Repeat every record exactly, omitting the pictures.

GIVEN RECORDS:

━━━━━━━━━━━━━━━━

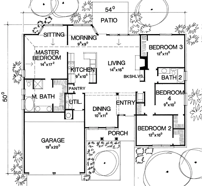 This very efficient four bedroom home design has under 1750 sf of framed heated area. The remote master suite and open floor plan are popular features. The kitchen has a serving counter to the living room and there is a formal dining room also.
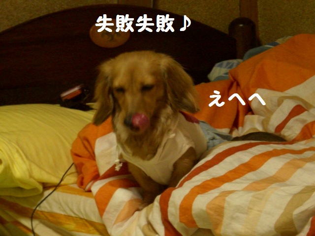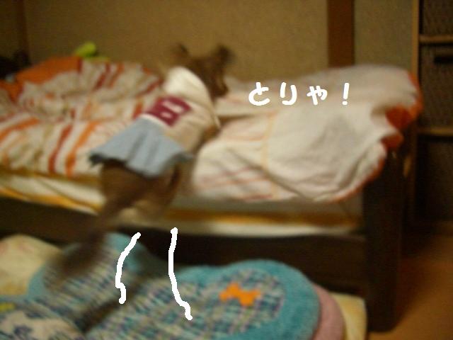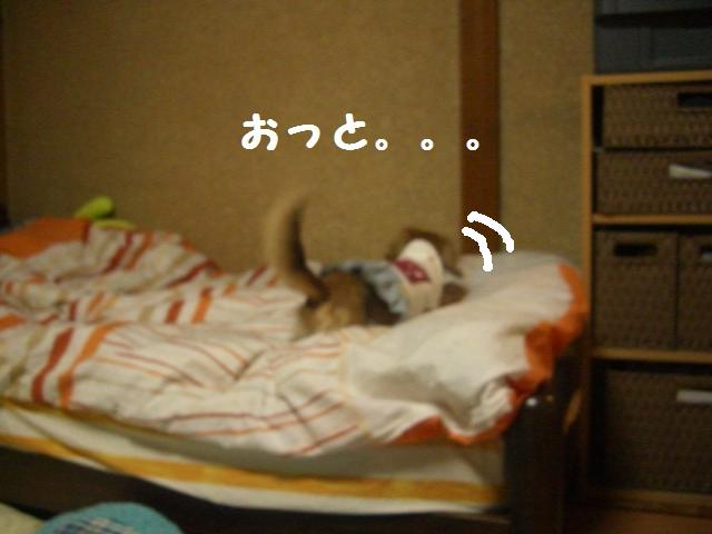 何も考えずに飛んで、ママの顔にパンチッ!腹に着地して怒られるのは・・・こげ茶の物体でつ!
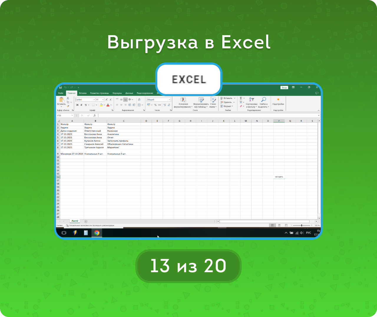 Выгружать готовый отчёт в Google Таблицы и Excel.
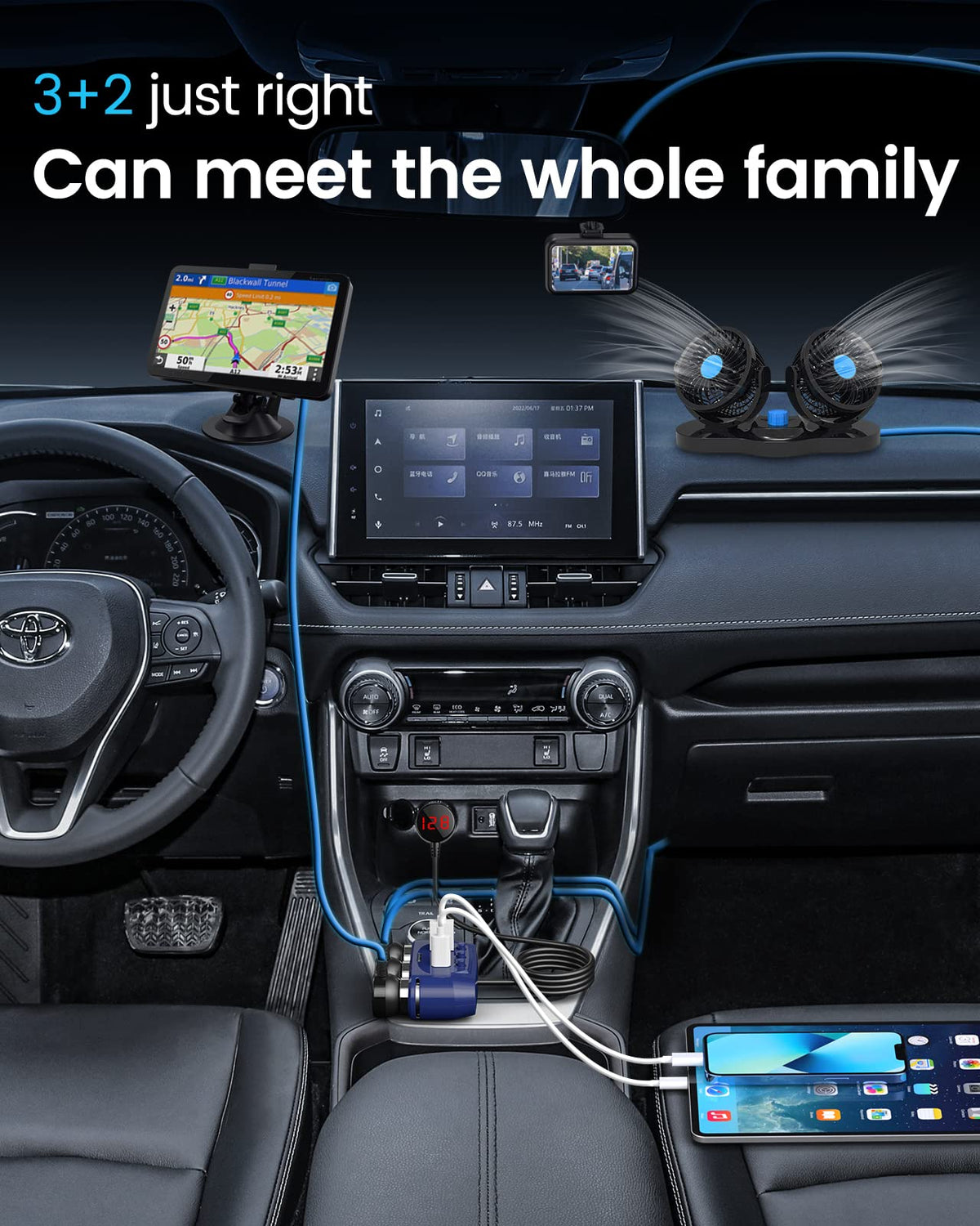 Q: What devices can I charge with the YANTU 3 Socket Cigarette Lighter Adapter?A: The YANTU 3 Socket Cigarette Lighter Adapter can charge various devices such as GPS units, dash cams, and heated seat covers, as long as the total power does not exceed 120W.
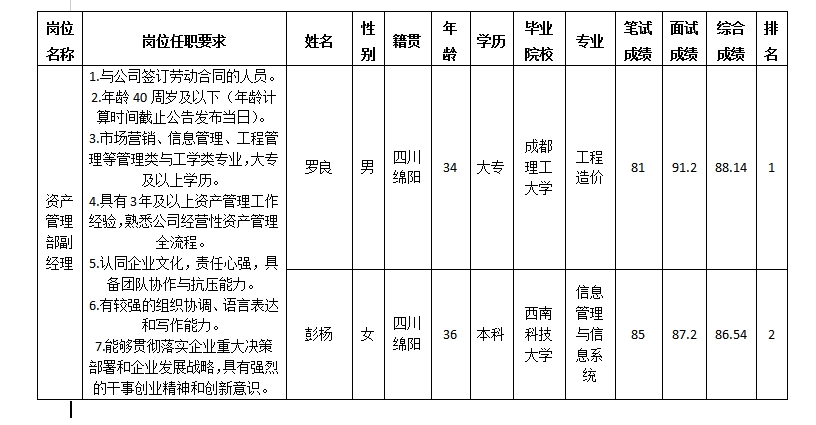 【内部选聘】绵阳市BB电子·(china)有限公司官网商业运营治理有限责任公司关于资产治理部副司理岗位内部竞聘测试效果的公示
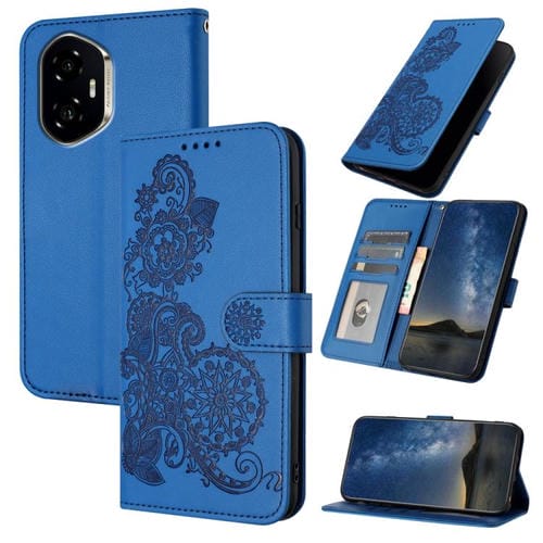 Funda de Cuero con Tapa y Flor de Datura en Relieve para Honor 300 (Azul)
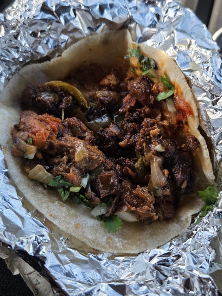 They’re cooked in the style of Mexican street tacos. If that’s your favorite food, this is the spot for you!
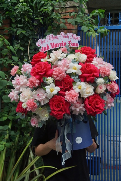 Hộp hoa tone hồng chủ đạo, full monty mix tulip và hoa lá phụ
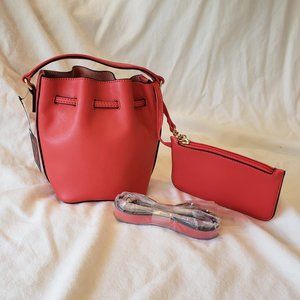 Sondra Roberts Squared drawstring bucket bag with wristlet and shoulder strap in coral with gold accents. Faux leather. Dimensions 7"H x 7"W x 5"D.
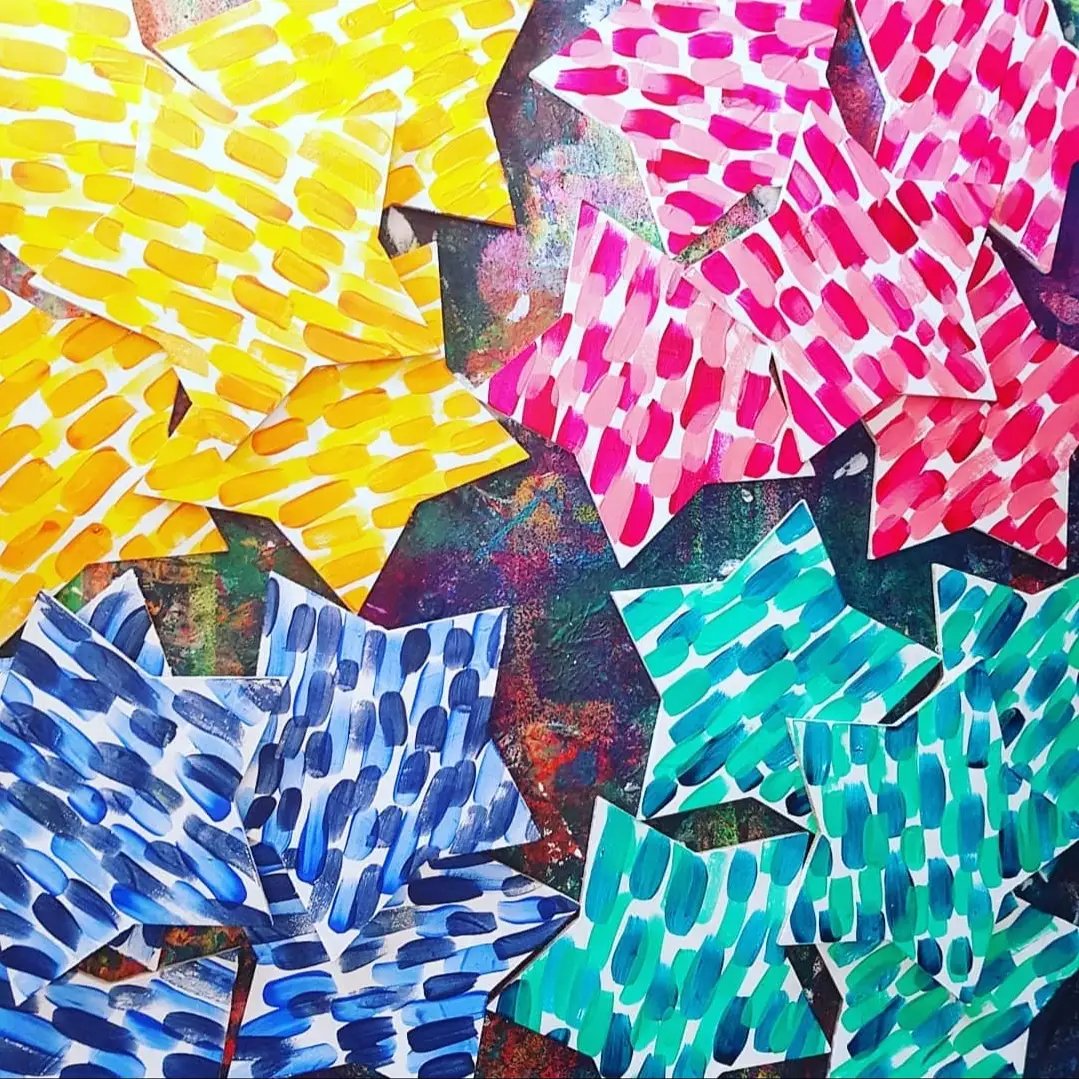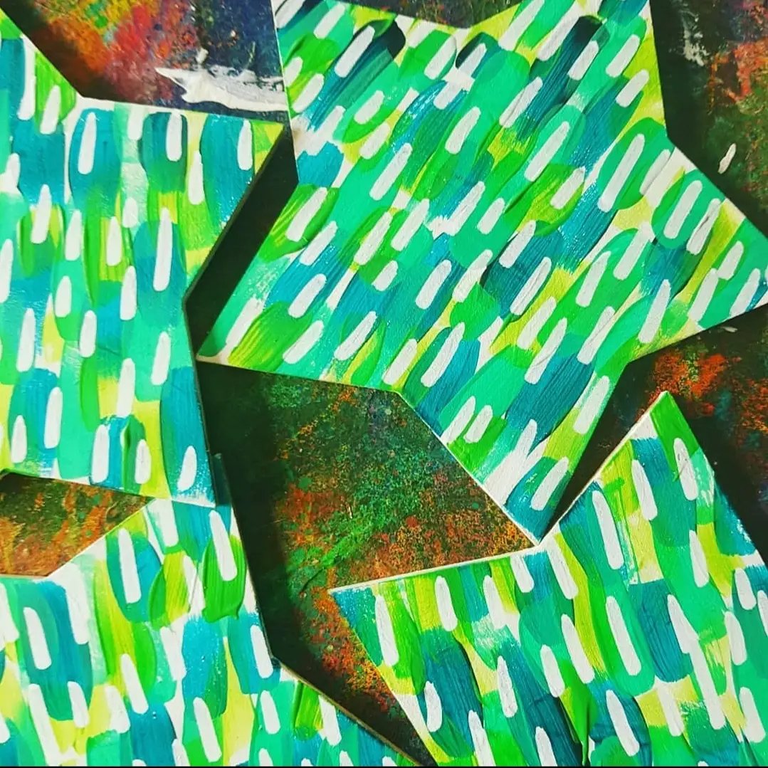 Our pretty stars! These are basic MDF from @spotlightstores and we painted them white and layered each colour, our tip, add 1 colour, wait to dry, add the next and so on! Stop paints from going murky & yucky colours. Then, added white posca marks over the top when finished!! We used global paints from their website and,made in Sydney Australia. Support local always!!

━━━━━━━━━━━━━━━━

ANSWER FOR THIS EXERCISE:
 This very efficient four bedroom home design has under 1750 sf of framed heated area. The remote master suite and open floor plan are popular features. The kitchen has a serving counter to the living room and there is a formal dining room also.
 何も考えずに飛んで、ママの顔にパンチッ!腹に着地して怒られるのは・・・こげ茶の物体でつ!
 Выгружать готовый отчёт в Google Таблицы и Excel.
 Q: What devices can I charge with the YANTU 3 Socket Cigarette Lighter Adapter?A: The YANTU 3 Socket Cigarette Lighter Adapter can charge various devices such as GPS units, dash cams, and heated seat covers, as long as the total power does not exceed 120W.
 【内部选聘】绵阳市BB电子·(china)有限公司官网商业运营治理有限责任公司关于资产治理部副司理岗位内部竞聘测试效果的公示
 Funda de Cuero con Tapa y Flor de Datura en Relieve para Honor 300 (Azul)
 They’re cooked in the style of Mexican street tacos. If that’s your favorite food, this is the spot for you!
 Hộp hoa tone hồng chủ đạo, full monty mix tulip và hoa lá phụ
 Sondra Roberts Squared drawstring bucket bag with wristlet and shoulder strap in coral with gold accents. Faux leather. Dimensions 7"H x 7"W x 5"D.
 Our pretty stars! These are basic MDF from @spotlightstores and we painted them white and layered each colour, our tip, add 1 colour, wait to dry, add the next and so on! Stop paints from going murky & yucky colours. Then, added white posca marks over the top when finished!! We used global paints from their website and,made in Sydney Australia. Support local always!!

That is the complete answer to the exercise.